#### Problem to work on:
Before you write out the listing, remove the pictures; everything else stays exactly as it is.

#### Recorded information:
^^^^^^^^^^^^^^^^
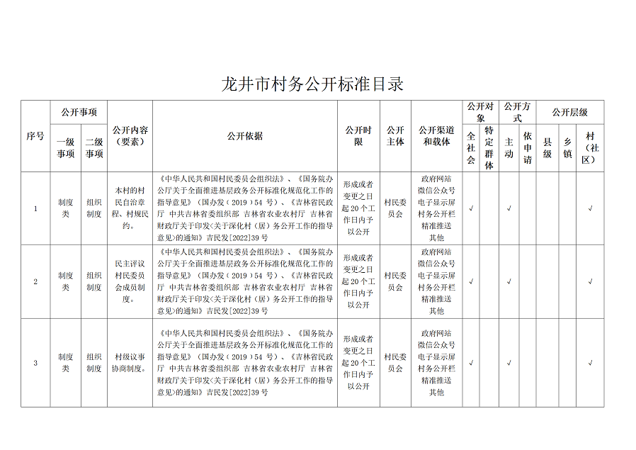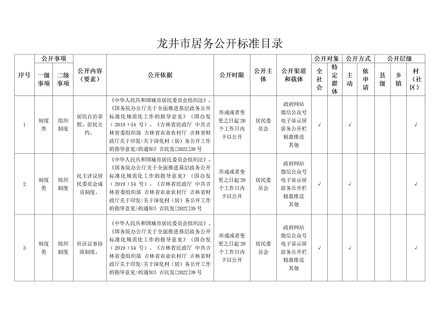 | 标 题: | 龙井市村(居)务公开标准目录 |
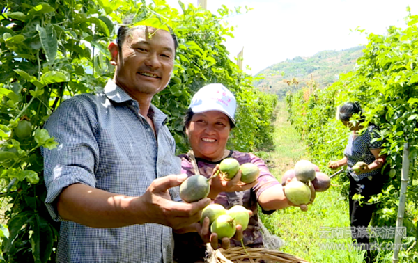 子堂村位于珠街鄉(xiāng)北部,距鄉(xiāng)集鎮(zhèn)17.5公里,最低海拔1240米,最高海拔1850米,年平均氣溫23℃,年平均降水量520毫米。土地資源豐富,土壤疏松性好,光照和溫度充足,具有百香果產(chǎn)業(yè)發(fā)展的優(yōu)越自然環(huán)境。張躍宏是子堂村帶頭發(fā)展百香果產(chǎn)業(yè)的第一人,種植百香果150多畝。今年,張躍宏的百香果長勢喜人,豐收在望。“我是子堂村第一個種植百香果的人,總種植面積150畝,去年收入在10萬左右,今年百香果長勢比較好,預計收入180萬左右。在我的果園里,有5名長期務工人員,12名短期打工,解決了農(nóng)村長期就業(yè)務工問題,在我的帶動下,周邊有8戶開始種植百香果。”張躍宏說。
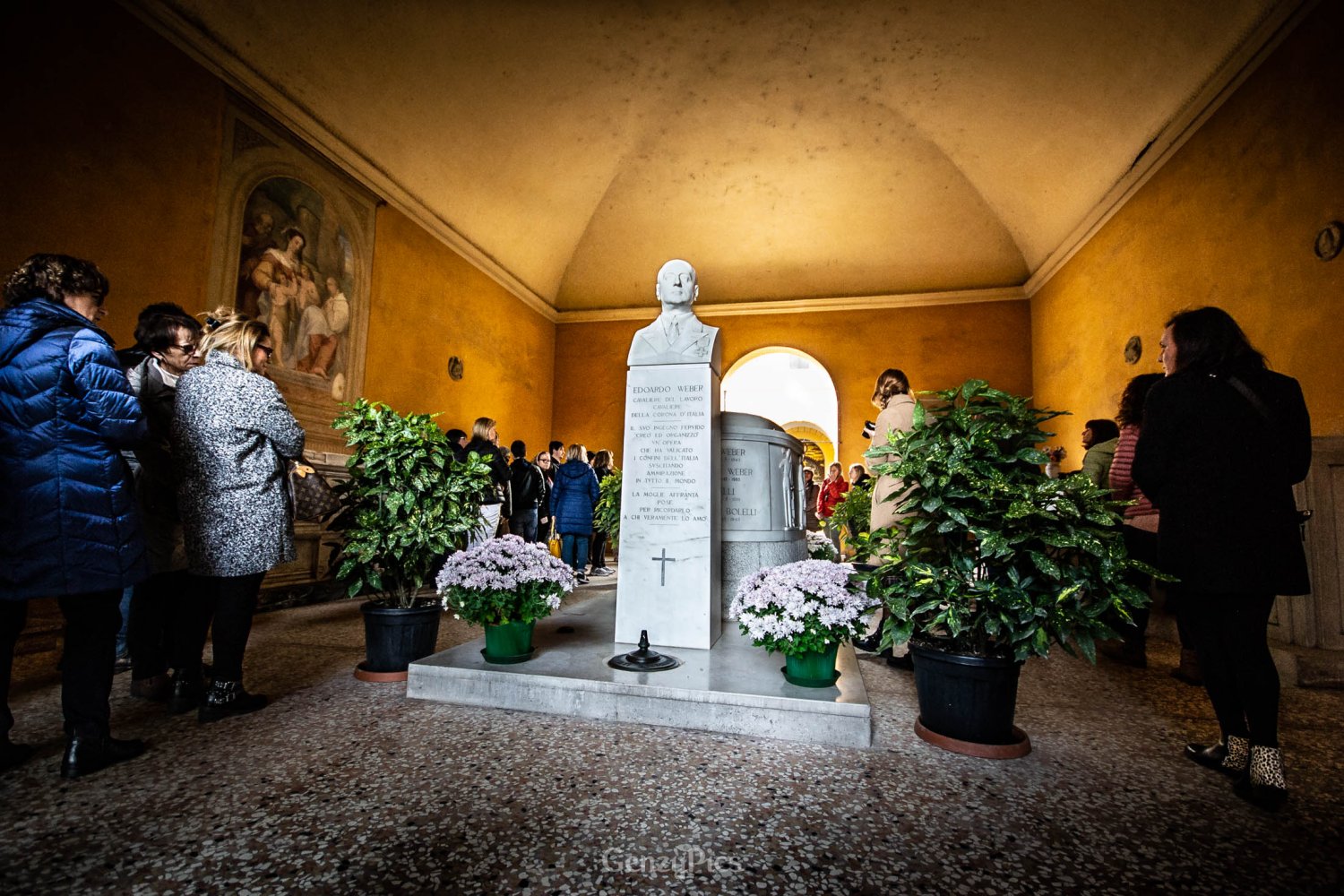 Uno degli aspetti che trovo più significativi e commoventi di questo eccezionale monumento, considerato a ragione uno dei capolavori della Certosa di Bologna, è che il corpo di Weber, nonostante le ricerche, non fu mai ritrovato e quindi non riposa qui. La moglie, deceduta nel 1985, giace qui senza di lui. In vita, non ha mai potuto avere la consolazione di seppellire i resti dell'amato consorte nel monumento funebre a lui dedicato. Spero che nell'Aldilà le loro anime abbiano potuto riunirsi in un eterno abbraccio.
^^^^^^^^^^^^^^^^
#### Finished task:
 | 标 题: | 龙井市村(居)务公开标准目录 |
 子堂村位于珠街鄉(xiāng)北部,距鄉(xiāng)集鎮(zhèn)17.5公里,最低海拔1240米,最高海拔1850米,年平均氣溫23℃,年平均降水量520毫米。土地資源豐富,土壤疏松性好,光照和溫度充足,具有百香果產(chǎn)業(yè)發(fā)展的優(yōu)越自然環(huán)境。張躍宏是子堂村帶頭發(fā)展百香果產(chǎn)業(yè)的第一人,種植百香果150多畝。今年,張躍宏的百香果長勢喜人,豐收在望。“我是子堂村第一個種植百香果的人,總種植面積150畝,去年收入在10萬左右,今年百香果長勢比較好,預計收入180萬左右。在我的果園里,有5名長期務工人員,12名短期打工,解決了農(nóng)村長期就業(yè)務工問題,在我的帶動下,周邊有8戶開始種植百香果。”張躍宏說。
 Uno degli aspetti che trovo più significativi e commoventi di questo eccezionale monumento, considerato a ragione uno dei capolavori della Certosa di Bologna, è che il corpo di Weber, nonostante le ricerche, non fu mai ritrovato e quindi non riposa qui. La moglie, deceduta nel 1985, giace qui senza di lui. In vita, non ha mai potuto avere la consolazione di seppellire i resti dell'amato consorte nel monumento funebre a lui dedicato. Spero che nell'Aldilà le loro anime abbiano potuto riunirsi in un eterno abbraccio.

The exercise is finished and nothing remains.